▸ Directions: When writing out the entries below, keep only the lines from the line with "Figure 23.2(a) displays" to the line with "8 марта в Варшаве", both included, exactly as they are, and leave the pictures aside.

Excerpts from a dataset:
____

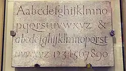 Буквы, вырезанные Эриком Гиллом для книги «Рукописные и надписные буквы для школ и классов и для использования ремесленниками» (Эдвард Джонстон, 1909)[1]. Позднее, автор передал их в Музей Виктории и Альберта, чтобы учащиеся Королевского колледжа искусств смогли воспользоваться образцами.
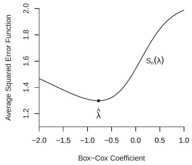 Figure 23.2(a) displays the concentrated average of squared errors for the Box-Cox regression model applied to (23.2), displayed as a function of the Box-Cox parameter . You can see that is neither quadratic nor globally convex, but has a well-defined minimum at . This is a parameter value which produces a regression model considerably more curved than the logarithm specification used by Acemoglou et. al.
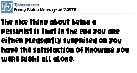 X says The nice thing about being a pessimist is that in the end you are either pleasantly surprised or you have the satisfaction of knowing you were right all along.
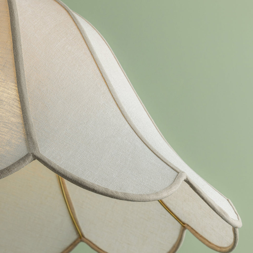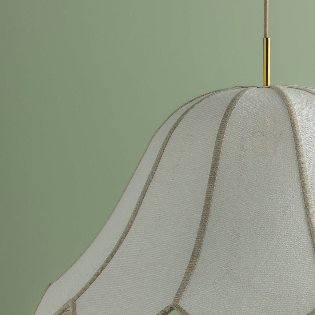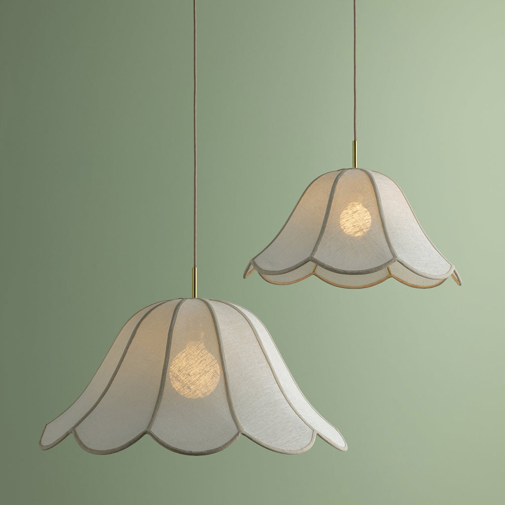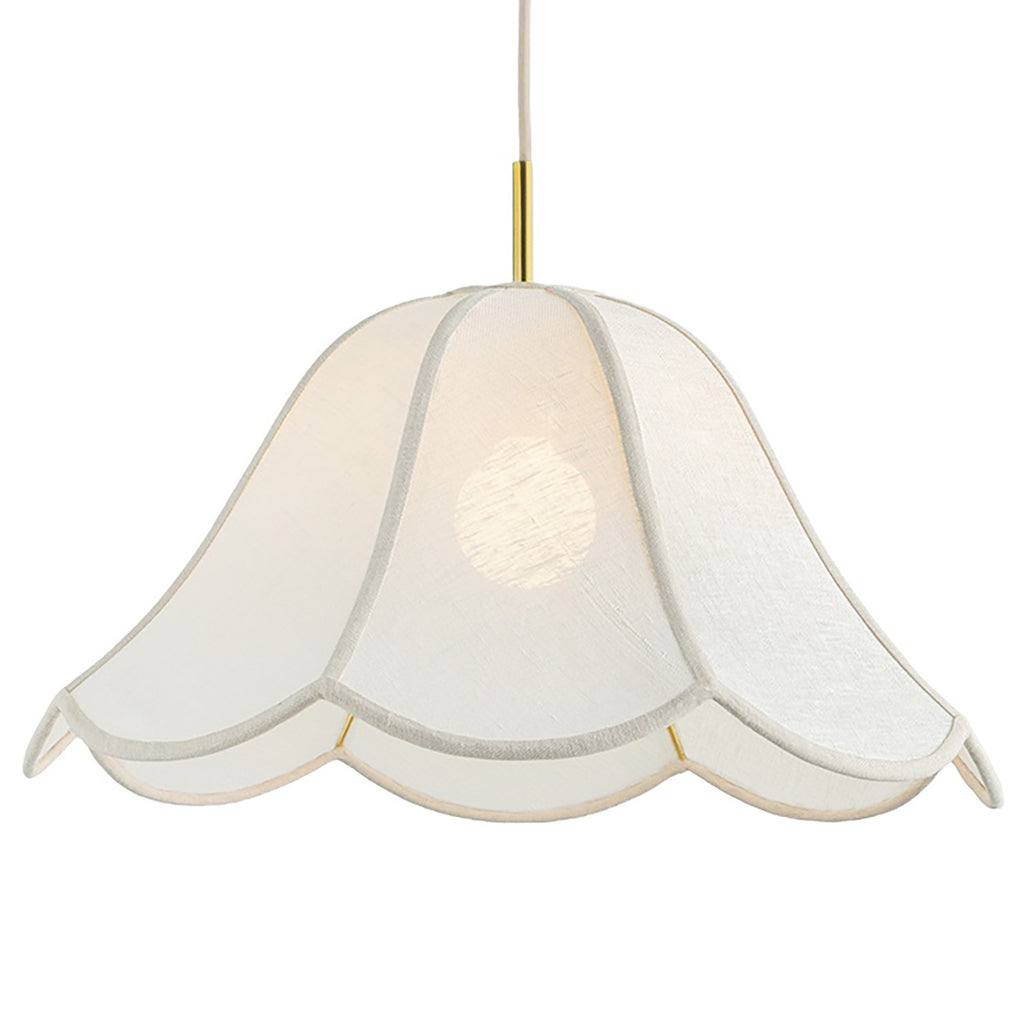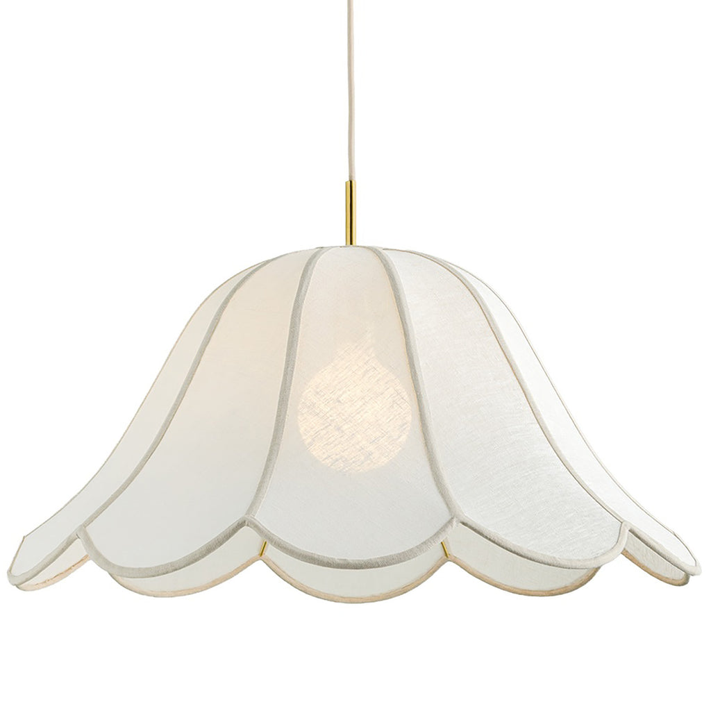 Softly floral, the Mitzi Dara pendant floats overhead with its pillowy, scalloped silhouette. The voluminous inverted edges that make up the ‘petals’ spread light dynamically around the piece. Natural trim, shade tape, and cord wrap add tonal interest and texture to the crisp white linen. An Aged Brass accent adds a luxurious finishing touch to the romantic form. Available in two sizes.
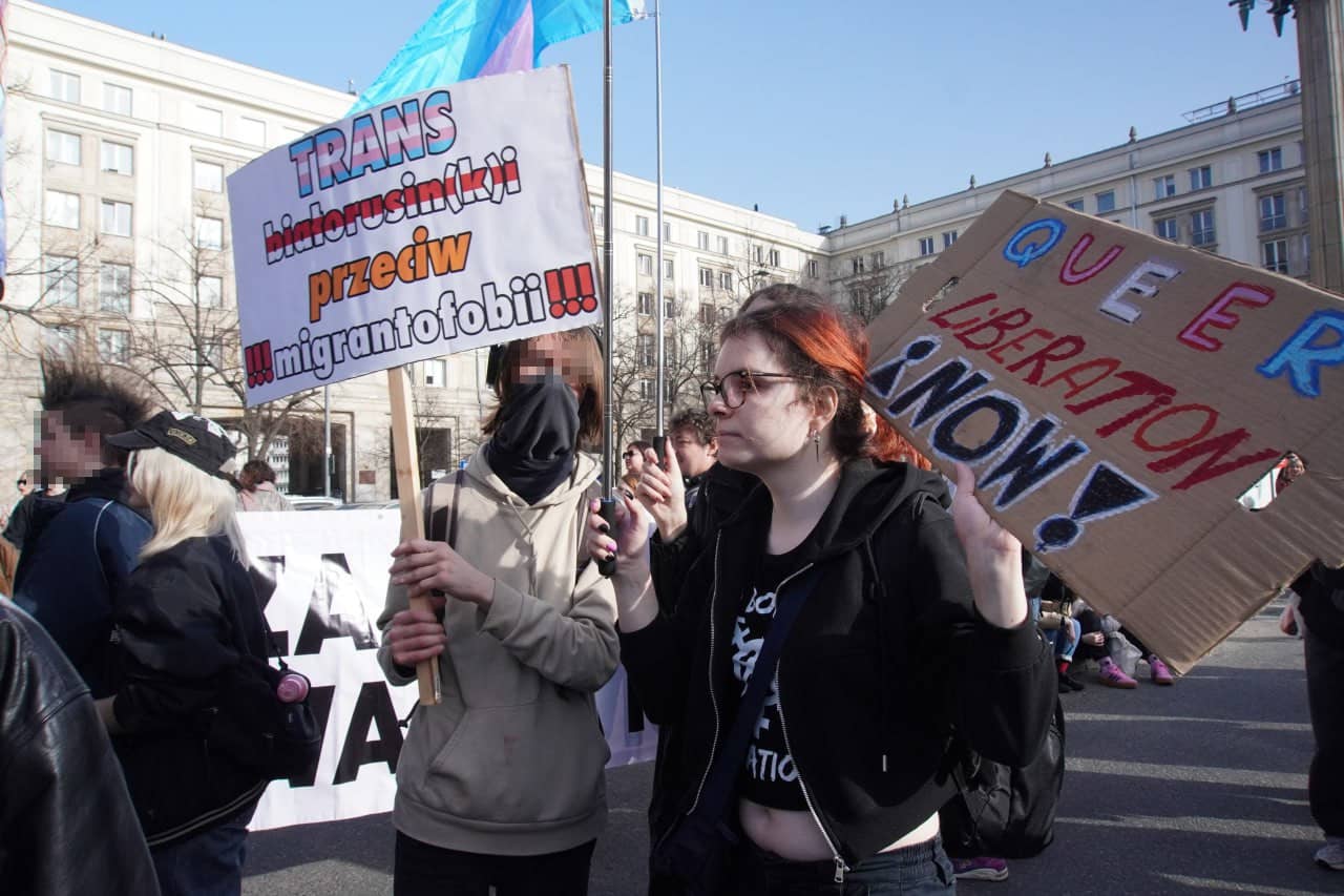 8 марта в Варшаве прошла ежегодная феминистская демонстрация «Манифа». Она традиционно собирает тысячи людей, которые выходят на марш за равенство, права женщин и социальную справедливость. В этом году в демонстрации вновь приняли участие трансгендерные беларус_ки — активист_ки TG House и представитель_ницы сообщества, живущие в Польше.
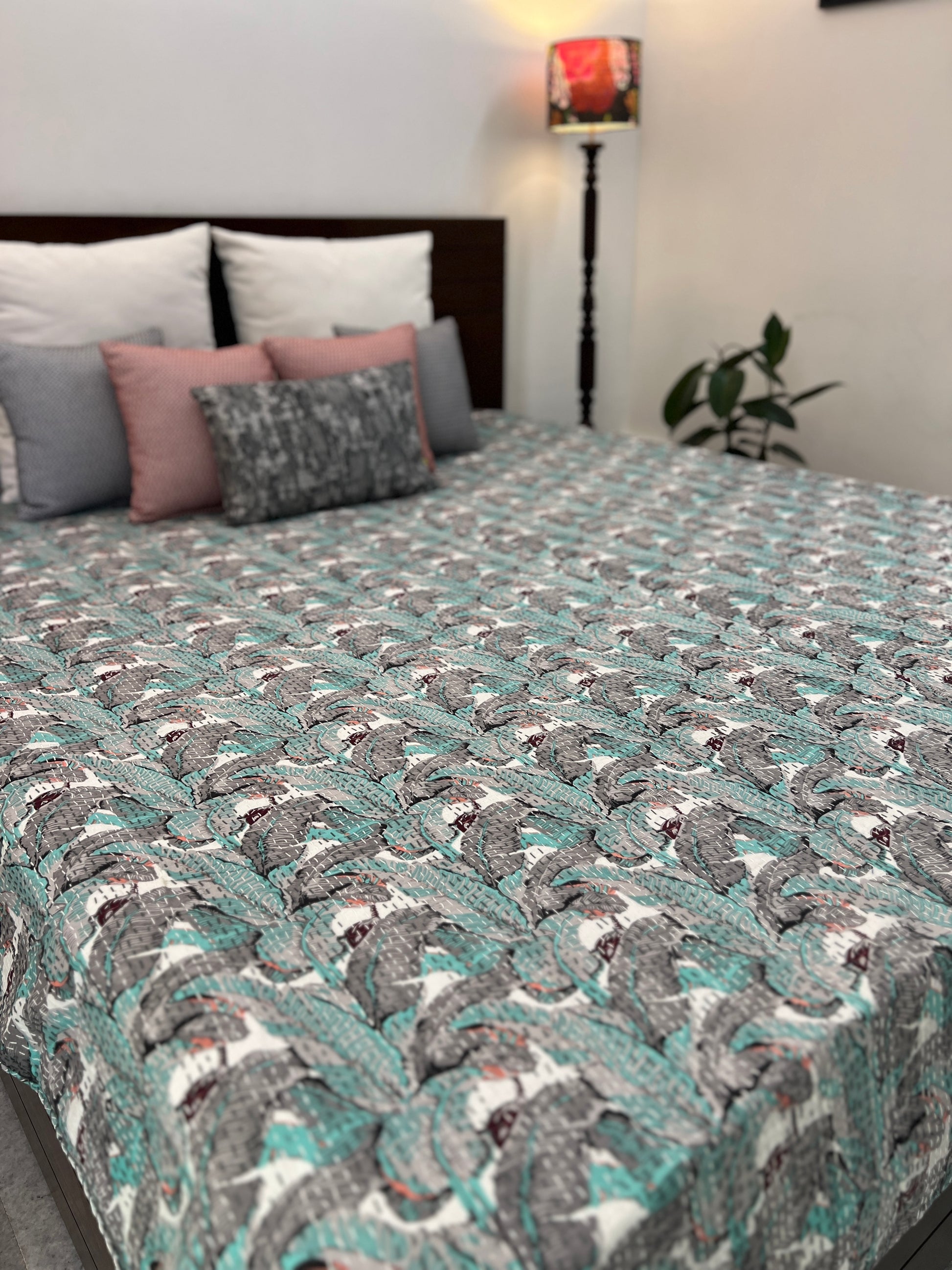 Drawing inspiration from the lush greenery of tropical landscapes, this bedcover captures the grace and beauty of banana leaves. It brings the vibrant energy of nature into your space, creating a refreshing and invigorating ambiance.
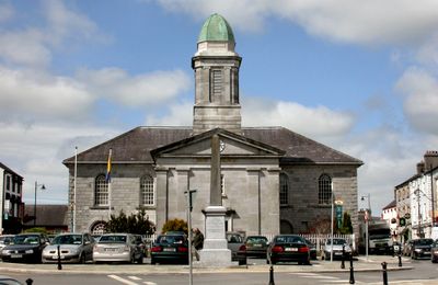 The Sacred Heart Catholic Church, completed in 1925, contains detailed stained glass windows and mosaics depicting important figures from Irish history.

____

▸ Reply to the exercise:
 Figure 23.2(a) displays the concentrated average of squared errors for the Box-Cox regression model applied to (23.2), displayed as a function of the Box-Cox parameter . You can see that is neither quadratic nor globally convex, but has a well-defined minimum at . This is a parameter value which produces a regression model considerably more curved than the logarithm specification used by Acemoglou et. al.
 X says The nice thing about being a pessimist is that in the end you are either pleasantly surprised or you have the satisfaction of knowing you were right all along.
 Softly floral, the Mitzi Dara pendant floats overhead with its pillowy, scalloped silhouette. The voluminous inverted edges that make up the ‘petals’ spread light dynamically around the piece. Natural trim, shade tape, and cord wrap add tonal interest and texture to the crisp white linen. An Aged Brass accent adds a luxurious finishing touch to the romantic form. Available in two sizes.
 8 марта в Варшаве прошла ежегодная феминистская демонстрация «Манифа». Она традиционно собирает тысячи людей, которые выходят на марш за равенство, права женщин и социальную справедливость. В этом году в демонстрации вновь приняли участие трансгендерные беларус_ки — активист_ки TG House и представитель_ницы сообщества, живущие в Польше.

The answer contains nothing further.